An integrating factor for the above DE is a function $v(x)$ such that $v(x) L[u]$ is exact.
It is easy to show that:
A function $v\in C^2$ is an integrating factor for the DE (1) if and only if it is a solution of the second order homogeneous linear DE:
$$ M[v] = \left[p_0(x) v(x)\right]'' - \left[p_1(x)v(x)\right]' + p_2(x)v(x) = 0\tag{2} $$
Now they define:
The operator $M$ in (2) is called adjoint of the linear operator $L$. The DE expanded to the DE:
$$ p_0v''+(2p_0'-p_1)v' + (p_0''-p_1'+p2)v = 0 $$
is called the adjoint of the DE (1).
The questions are:
- Is the adjoint stricly related to the existence of an integrating factor - can I talk or define an adjoint DE without the integrating factor $v$?
- Or else, if (1) is exact, and no integrating factor is necessary, does one also talk about "adjointment"?
- Or else, if in (2), I put instead of some integrating factor $v$ the same $u$ as in (1), that is, I would have instead of (2), $M[u]=0$, is this also called an adjoint of (1)?
- Or even, if I have an arbitrary function $w\in C^2$ that is not an integrating factor of (1) and basically has nothing to do with (1), is $M[w]=0$ called adjoint of (1)?
If you have a scalar product, the adjoint is just defined as $$ \langle Lu,v\rangle = \langle u,Mv\rangle $$ Taking the $L^2$ scalar product and integration-by-parts, this results in $$ M[v]=(p_0v)''-(p_1v)'+p_2v. $$ Expanded this gives exactly the claimed formula.

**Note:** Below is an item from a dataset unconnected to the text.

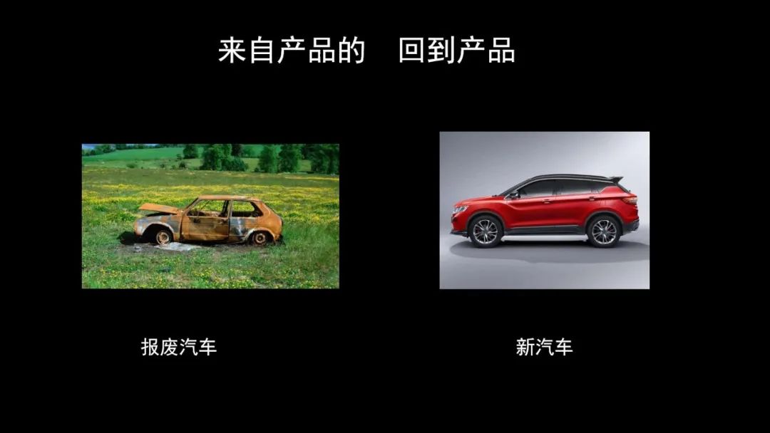 我們家報廢的舊汽車,把里面的金屬,把里面的銅鋁 鐵、塑料回收,可能變成你家接下來要的新汽車,我想這就是來自產品,回到產品。

If the equation is exact with $A=p_0$, $B'=p_2$, then the adjoint is $$ M[v]=(Av')'-Bv'. $$
If with an integrating factor you can bring the equation to the form $$ S[u]=(q_0u')'+q_2u=0 $$ then $S$ is self-adjoint. In the original form this introduces a weight function in the scalar product. With this weighted scalar product $L$ is self-adjoint.